M. Christophe Castaner, secrétaire d'État chargé des relations avec le Parlement. Monsieur le député, le charme des questions orales sans débat est que l'on descend à des niveaux qui pourraient paraître très techniques, mais qui, pour ceux qui ont comme vous l'expérience du terrain, relèvent de problématiques qui se posent aux élus de façon très régulière. Je tiens à vous rappeler la volonté du Gouvernement de laisser plus de liberté aux territoires pour s'organiser, avec l'aide du Parlement. C'est ainsi qu'une proposition de loi, qui sera prochainement en discussion au Sénat, a été adoptée par cette assemblée le 31 janvier dernier, sur la question du transfert automatique de l'eau et de l'assainissement, avec une double échéance. Il est essentiel que ce soient les élus locaux qui puissent décider de ce qui est bon ou pas pour leur territoire.

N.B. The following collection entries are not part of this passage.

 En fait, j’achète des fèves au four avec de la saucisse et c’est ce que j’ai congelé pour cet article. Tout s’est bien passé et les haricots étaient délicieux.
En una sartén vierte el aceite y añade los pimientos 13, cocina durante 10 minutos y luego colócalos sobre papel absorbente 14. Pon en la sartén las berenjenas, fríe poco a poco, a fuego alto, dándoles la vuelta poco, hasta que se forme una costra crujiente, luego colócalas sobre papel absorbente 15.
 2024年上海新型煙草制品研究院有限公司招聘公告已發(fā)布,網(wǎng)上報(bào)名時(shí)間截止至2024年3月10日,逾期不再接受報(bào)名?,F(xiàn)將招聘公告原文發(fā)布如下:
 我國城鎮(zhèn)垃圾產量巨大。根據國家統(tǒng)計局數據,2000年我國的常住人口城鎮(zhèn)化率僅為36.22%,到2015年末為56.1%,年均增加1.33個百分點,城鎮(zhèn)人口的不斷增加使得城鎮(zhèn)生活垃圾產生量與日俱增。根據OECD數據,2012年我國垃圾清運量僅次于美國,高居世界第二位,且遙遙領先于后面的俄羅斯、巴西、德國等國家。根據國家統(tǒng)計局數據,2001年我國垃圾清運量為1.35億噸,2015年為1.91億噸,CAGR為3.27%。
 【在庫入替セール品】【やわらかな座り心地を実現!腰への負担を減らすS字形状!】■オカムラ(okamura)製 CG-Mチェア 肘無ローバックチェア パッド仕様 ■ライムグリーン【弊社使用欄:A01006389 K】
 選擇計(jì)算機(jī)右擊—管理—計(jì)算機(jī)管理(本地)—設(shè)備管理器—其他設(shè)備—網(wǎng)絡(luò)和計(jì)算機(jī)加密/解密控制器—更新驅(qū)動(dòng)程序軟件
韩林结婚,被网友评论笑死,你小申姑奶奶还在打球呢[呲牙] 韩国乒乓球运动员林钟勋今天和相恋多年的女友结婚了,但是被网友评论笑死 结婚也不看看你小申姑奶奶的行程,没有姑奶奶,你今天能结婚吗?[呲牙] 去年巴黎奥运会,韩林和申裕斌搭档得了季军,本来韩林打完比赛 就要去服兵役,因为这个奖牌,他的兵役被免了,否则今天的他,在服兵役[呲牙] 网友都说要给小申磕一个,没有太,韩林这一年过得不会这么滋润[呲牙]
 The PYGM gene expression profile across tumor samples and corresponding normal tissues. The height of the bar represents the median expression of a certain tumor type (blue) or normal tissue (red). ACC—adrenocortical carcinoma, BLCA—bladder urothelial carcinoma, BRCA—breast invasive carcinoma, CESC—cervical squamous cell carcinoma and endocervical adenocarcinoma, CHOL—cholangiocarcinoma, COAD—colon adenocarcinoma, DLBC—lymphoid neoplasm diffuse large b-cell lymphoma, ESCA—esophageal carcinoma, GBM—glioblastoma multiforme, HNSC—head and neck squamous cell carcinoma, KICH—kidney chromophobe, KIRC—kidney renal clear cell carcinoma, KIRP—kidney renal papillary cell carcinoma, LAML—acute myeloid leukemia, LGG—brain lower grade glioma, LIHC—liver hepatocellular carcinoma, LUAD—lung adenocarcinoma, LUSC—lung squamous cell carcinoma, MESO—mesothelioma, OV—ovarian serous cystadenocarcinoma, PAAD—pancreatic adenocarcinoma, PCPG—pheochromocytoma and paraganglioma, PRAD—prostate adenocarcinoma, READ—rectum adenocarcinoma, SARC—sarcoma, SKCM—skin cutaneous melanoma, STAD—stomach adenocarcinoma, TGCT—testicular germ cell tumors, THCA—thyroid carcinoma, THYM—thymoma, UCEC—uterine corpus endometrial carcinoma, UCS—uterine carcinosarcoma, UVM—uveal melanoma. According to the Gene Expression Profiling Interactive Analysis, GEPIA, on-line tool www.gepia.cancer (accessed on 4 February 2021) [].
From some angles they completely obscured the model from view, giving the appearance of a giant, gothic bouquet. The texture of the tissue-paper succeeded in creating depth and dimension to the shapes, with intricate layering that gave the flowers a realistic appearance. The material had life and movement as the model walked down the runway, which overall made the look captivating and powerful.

Vous me demandez de vous donner la lecture du droit que fait le Gouvernement. Sachez qu'il se plie bien évidemment, pour l'analyse juridique, à la haute autorité qu'est le Conseil d’État, selon lequel le transfert n'est aujourd'hui pas obligatoire. Une évolution législative pourrait conduire le Conseil d’État à se prononcer différemment, mais ce n'est pas ce qui est prévu, notamment dans le texte actuel de la proposition de loi que j'évoquais.

S'agissant de ce transfert, le Conseil d’État apporte deux précisions. Il n'interdit pas qu'un accord entre les représentants des communes et ceux de l'EPCI ait lieu pour obtenir le transfert des montants évoqués. Par ailleurs, vous avez dans votre question une approche positive :…

M. François André. Toujours !

M. Christophe Castaner, secrétaire d'État. …celle d'un crédit. On peut cependant imaginer la situation inverse, avec un transfert négatif pour l'EPCI. Aucun amendement tendant à rendre obligatoire le transfert des crédits afférents, en positif ou en négatif, n'avait été retenu, de crainte que cela ne bloque le système. Nous pensons, au nom de la liberté, que la discussion pour définir les transferts doit avoir lieu entre les communes et les EPCI.

Pour conclure, sachez, monsieur le député, que le Gouvernement a fait de la gestion du petit cycle de l'eau l'une de ses priorités. J'en prends pour preuve la tenue prochaine des assises de l'eau. La phase de concertation au cours de laquelle sont associés des élus locaux et des professionnels du secteur ne manquera pas d'apporter des solutions concrètes adaptées qui seront, je l'espère, à la hauteur de vos attentes et de celles de nos concitoyens, et qui nous conduiront peut-être à proposer une évolution législative qui permettra au Conseil d’État d'interpréter différemment la règle de droit s'appliquant aujourd'hui.

M. le président. La parole est à M. François André.

M. François André. Je comprends parfaitement l'interprétation que vient de donner M. le secrétaire d'État de la loi et surtout de la jurisprudence. Je crains néanmoins que d'ici au transfert, rendu possible jusqu'en 2026, si la proposition de loi est adoptée, nous ne soyons confrontés à des discussions picrocholines entre les EPCI et les communes membres.

Je me demande si des précisions d'ordre réglementaire ne pourraient pas être apportées afin que l'usager de l'eau n'en vienne pas à payer deux fois les investissements : la première au titre des redevances passées ayant donné lieu à des excédents ; la seconde par les EPCI héritiers de la compétence, qui seraient conduits à augmenter la redevance.